*Task description*
Nothing but the lines below from the one containing "Duff, T. E." through the one containing "塔川的秋色特别在清晨,太阳刚" should appear in the answer, exact and without pictures.

*Given records*
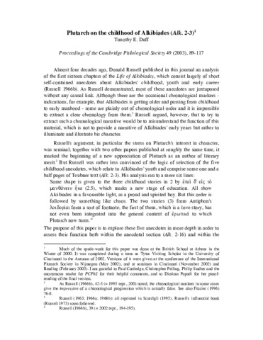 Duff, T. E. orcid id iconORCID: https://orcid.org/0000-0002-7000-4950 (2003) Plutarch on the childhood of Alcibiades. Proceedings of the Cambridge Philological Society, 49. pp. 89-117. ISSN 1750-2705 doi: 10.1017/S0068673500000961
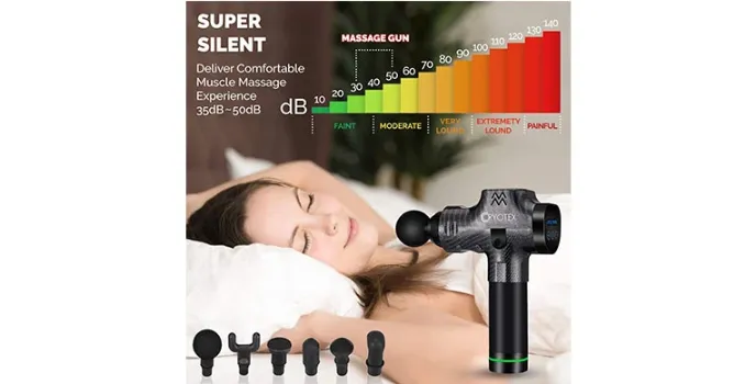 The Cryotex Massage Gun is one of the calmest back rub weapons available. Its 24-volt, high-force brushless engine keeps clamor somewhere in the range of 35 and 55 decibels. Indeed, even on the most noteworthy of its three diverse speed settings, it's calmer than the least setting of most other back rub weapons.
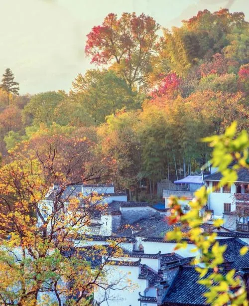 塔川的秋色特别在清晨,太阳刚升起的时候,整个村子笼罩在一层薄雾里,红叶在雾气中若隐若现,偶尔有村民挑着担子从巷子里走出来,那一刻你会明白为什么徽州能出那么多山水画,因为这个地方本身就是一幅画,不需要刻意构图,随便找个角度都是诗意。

* * *

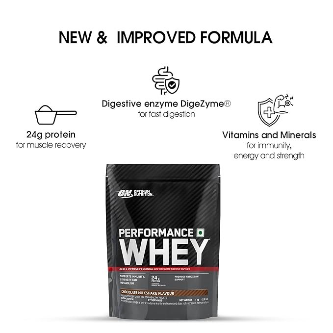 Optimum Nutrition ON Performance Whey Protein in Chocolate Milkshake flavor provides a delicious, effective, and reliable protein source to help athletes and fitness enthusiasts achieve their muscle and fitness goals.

*Answer section*
 Duff, T. E. orcid id iconORCID: https://orcid.org/0000-0002-7000-4950 (2003) Plutarch on the childhood of Alcibiades. Proceedings of the Cambridge Philological Society, 49. pp. 89-117. ISSN 1750-2705 doi: 10.1017/S0068673500000961
 The Cryotex Massage Gun is one of the calmest back rub weapons available. Its 24-volt, high-force brushless engine keeps clamor somewhere in the range of 35 and 55 decibels. Indeed, even on the most noteworthy of its three diverse speed settings, it's calmer than the least setting of most other back rub weapons.
 塔川的秋色特别在清晨,太阳刚升起的时候,整个村子笼罩在一层薄雾里,红叶在雾气中若隐若现,偶尔有村民挑着担子从巷子里走出来,那一刻你会明白为什么徽州能出那么多山水画,因为这个地方本身就是一幅画,不需要刻意构图,随便找个角度都是诗意。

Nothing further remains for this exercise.